In the present study the difference between the oral and total dose infusion (TDI) group as regards the median of age, body mass index (BMI), parity and gestational age was statistically non significant.
The oral group showed a significant rise in all parameters of anemia with the median of hemoglobin level was 8.3 versus 8.9 versus 9.5 mg/dl), and of hematocrit was 28 versus 29.7 versus 30.2 g/dl at baseline versus week 4 versus week 8 respectively, also the median serum ferritin showed a significant rise at week 8 (27.3 versus 13.6 ng/ml at baseline). While the change in total iron binding capacity (TIBC) between week 8 and base line was -23.6 µg/dl which was non significant.
Furthermore, the study showed that in the TDI there was a significant rise in all parameters of anemia with the median of hemoglobin level was 8.3 versus 9.7 versus 9.8 mg/dl, and of hematocrit was 27.8 versus 30.6 versus 31.8 g/dl at baseline versus week 4 versus week 8 respectively, also the median serum ferritin showed a significant rise at week 8 (31.8 versus 20.4 ng/ml at baseline). While the change in TIBC between week 8 and base line was -53 µg/dl, which was also significant.

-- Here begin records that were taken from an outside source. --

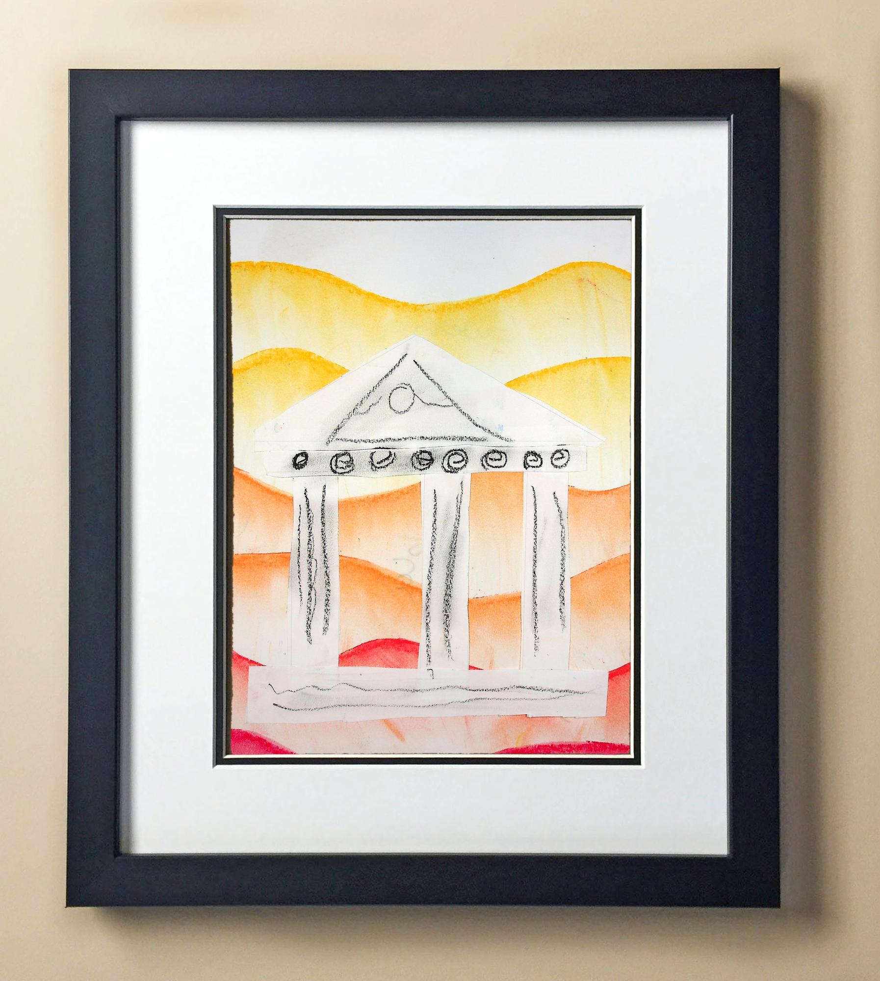 Included with the purchase is the Students Artwork, Frame, double matboard, shatter proof plexiglass, and a ready to hang backerboard with turnbuttons
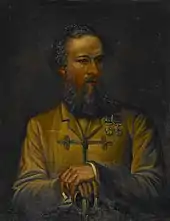 Nicholson never married, the most significant people in his life being his fellow Punjab administrators, especially his superior, Sir Henry Lawrence, whom Nicholson regarded as a father figure and who was deeply affected by Lawrence's death shortly before his.[62] Nicholson's closest friend was Herbert Edwardes, who shared his deep Christian faith. At Bannu, Nicholson used to ride one hundred and twenty miles every weekend to spend a few days with Edwardes, and lived in his beloved friend's house for some time when Edwardes' wife Emma was in England. Edwardes and his wife soon became a sense of comfort and spiritual guidance to an often isolated Nicholson.[63] At his deathbed, he dictated a message to Edwardes saying, "Tell him that, if at this moment a good fairy were to grant me a wish, my wish would be to have him here next to my mother."[64] The love between him and Edwardes made them, as Edwardes' wife later described it "more than brothers in the tenderness of their whole lives".[65] Upon learning of Nicholson's death, Edwardes wrote to Neville Chamberlain, eulogizing his friend as "So undaunted, so noble, so tender, so good, so stern to evil, so single-minded, so generous, so heroic and yet so modest. I never saw another like him, and never expect to do so. And to have had him as a brother, and now to lose him in the prime of his life. It is an inexpressible and irreparable grief."[66]
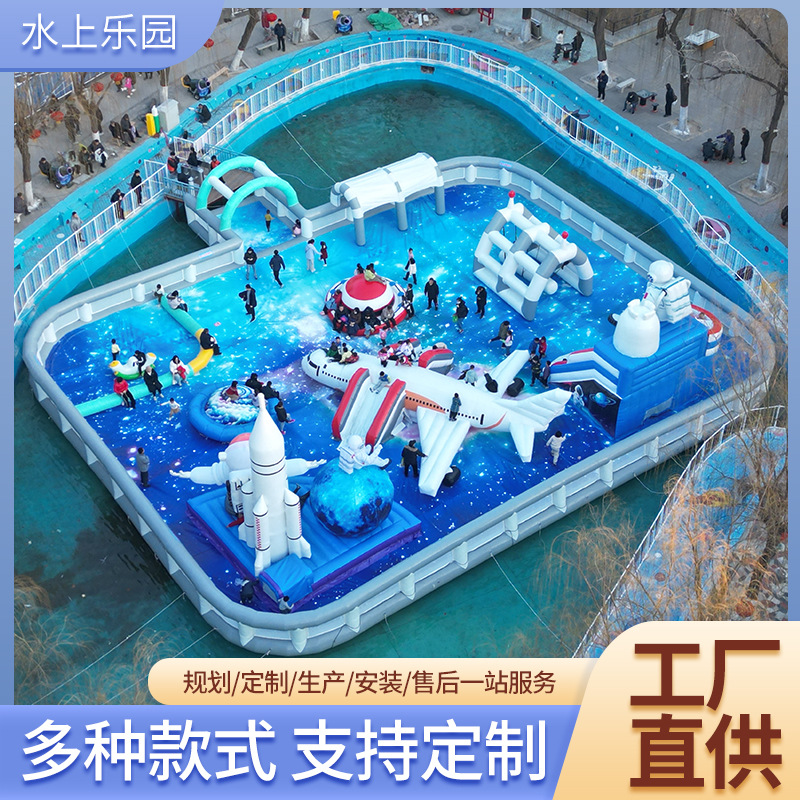 30*25 m peralatan pintu masuk air besar luar ruangan seluncuran tiup mobile kolam renang pintu masuk taman air
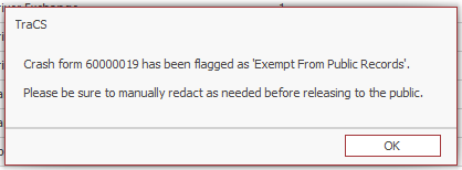 If the field is marked YES, this is an indication to the agency that someone in the crash is exempt. This includes drivers, vehicle owners, passengers, non-motorists, and witnesses who are exempt. If the crash is printed, a warning will pop up stating that it has been flagged as exempt. It is up to the agency to determine who that is and redact accordingly.

In the present study, there was significantly higher rise in the hemoglobin level, serum ferritin and TIBC among TDI as compared to oral group while the change in hematocrit showed a non-significant difference between both groups.
As regards patients compliance, a total of 18 patients (15%) were lost to follow up in the oral group versus 11 patients (9.2%) in the TDI group, this difference was non significant statistically.
As regards adverse effects, in the oral group 5 women had GIT upset while there was allergy to the drug in 5 women among TDI group.
The total cost of treatment for a single patient was 100 LE in oral group compared to 200 LE in TDI group with a highly significant statistical difference between both groups. Cost effectiveness analysis showed that extra 2,400 Egyptian pounds will be spent to save one patient from having anemia (low Hb <10 g/dl) after 8 weeks from treatment with TDI.